### Requirement
Start at the line below containing "Brocca con corpo" and stop at the line containing "Exhibits in the". Repeat every line of that stretch exactly, and nothing outside it.

### Records to use
☆ ☆ ☆ ☆ ☆ ☆ ☆

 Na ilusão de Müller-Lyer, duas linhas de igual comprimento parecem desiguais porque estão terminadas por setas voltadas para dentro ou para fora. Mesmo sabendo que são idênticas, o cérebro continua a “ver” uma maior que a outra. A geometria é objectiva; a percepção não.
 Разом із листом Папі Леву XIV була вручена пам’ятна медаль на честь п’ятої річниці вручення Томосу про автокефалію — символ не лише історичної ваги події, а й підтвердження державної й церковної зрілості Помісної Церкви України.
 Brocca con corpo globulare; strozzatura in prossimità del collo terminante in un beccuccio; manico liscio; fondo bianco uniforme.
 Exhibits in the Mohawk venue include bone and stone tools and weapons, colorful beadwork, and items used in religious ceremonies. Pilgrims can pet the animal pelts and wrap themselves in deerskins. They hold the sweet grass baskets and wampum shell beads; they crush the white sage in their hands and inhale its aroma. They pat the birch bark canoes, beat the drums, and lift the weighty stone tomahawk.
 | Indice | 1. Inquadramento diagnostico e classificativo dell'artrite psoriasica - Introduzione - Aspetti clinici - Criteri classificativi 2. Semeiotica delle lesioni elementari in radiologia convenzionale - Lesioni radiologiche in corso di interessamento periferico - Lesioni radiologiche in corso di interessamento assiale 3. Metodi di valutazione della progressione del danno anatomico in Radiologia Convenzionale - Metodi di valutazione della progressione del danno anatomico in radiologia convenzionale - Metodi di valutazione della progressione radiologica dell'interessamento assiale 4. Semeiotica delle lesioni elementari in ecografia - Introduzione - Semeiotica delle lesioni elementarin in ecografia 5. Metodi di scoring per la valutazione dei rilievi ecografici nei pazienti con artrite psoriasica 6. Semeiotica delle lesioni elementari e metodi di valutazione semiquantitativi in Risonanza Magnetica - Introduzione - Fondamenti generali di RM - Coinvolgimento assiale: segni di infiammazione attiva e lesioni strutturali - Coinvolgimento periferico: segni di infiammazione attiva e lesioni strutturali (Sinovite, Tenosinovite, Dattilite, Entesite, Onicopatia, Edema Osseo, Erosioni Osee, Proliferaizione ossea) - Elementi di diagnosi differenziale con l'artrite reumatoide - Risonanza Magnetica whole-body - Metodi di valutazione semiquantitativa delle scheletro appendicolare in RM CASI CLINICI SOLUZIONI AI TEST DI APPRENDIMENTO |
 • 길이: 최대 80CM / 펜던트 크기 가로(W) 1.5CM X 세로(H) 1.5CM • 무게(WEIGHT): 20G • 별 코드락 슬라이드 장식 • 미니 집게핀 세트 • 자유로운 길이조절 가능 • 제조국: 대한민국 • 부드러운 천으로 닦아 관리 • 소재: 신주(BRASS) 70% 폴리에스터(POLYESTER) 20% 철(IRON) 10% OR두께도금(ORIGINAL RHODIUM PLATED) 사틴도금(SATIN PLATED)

☆ ☆ ☆ ☆ ☆ ☆ ☆

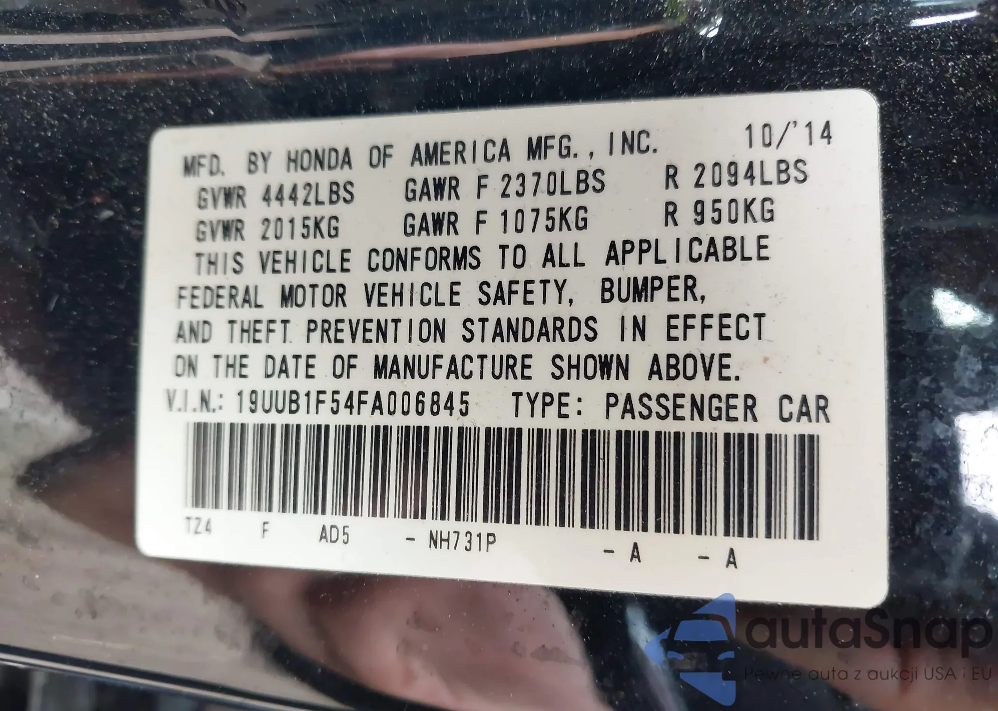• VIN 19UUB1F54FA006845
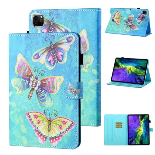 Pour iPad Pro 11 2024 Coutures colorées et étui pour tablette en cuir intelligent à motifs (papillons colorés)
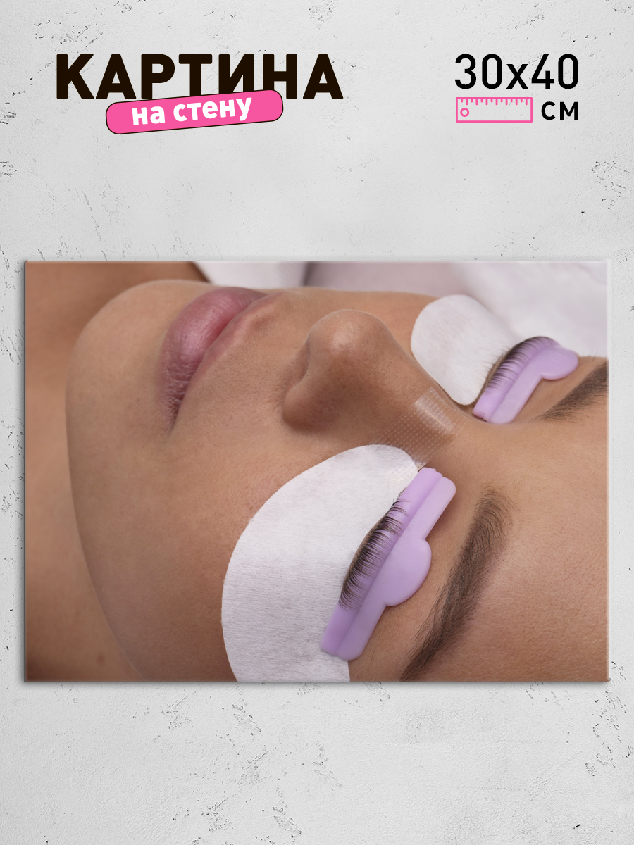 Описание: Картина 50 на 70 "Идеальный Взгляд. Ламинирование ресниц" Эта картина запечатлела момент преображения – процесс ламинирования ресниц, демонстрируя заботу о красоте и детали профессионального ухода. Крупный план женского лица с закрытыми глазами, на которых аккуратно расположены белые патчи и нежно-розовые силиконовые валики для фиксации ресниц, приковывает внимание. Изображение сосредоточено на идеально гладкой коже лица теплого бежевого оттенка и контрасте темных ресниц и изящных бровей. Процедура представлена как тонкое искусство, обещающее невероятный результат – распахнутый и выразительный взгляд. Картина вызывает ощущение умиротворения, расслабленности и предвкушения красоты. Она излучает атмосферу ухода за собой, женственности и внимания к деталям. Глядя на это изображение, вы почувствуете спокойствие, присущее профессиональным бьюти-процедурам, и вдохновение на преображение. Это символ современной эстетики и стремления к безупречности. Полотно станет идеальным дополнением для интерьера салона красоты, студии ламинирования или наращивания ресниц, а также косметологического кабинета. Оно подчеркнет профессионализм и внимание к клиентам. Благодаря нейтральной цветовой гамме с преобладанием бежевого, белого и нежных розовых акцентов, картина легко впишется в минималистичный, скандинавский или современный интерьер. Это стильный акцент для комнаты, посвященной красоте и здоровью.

☆ ☆ ☆ ☆ ☆ ☆ ☆

### Answer space
 Brocca con corpo globulare; strozzatura in prossimità del collo terminante in un beccuccio; manico liscio; fondo bianco uniforme.
 Exhibits in the Mohawk venue include bone and stone tools and weapons, colorful beadwork, and items used in religious ceremonies. Pilgrims can pet the animal pelts and wrap themselves in deerskins. They hold the sweet grass baskets and wampum shell beads; they crush the white sage in their hands and inhale its aroma. They pat the birch bark canoes, beat the drums, and lift the weighty stone tomahawk.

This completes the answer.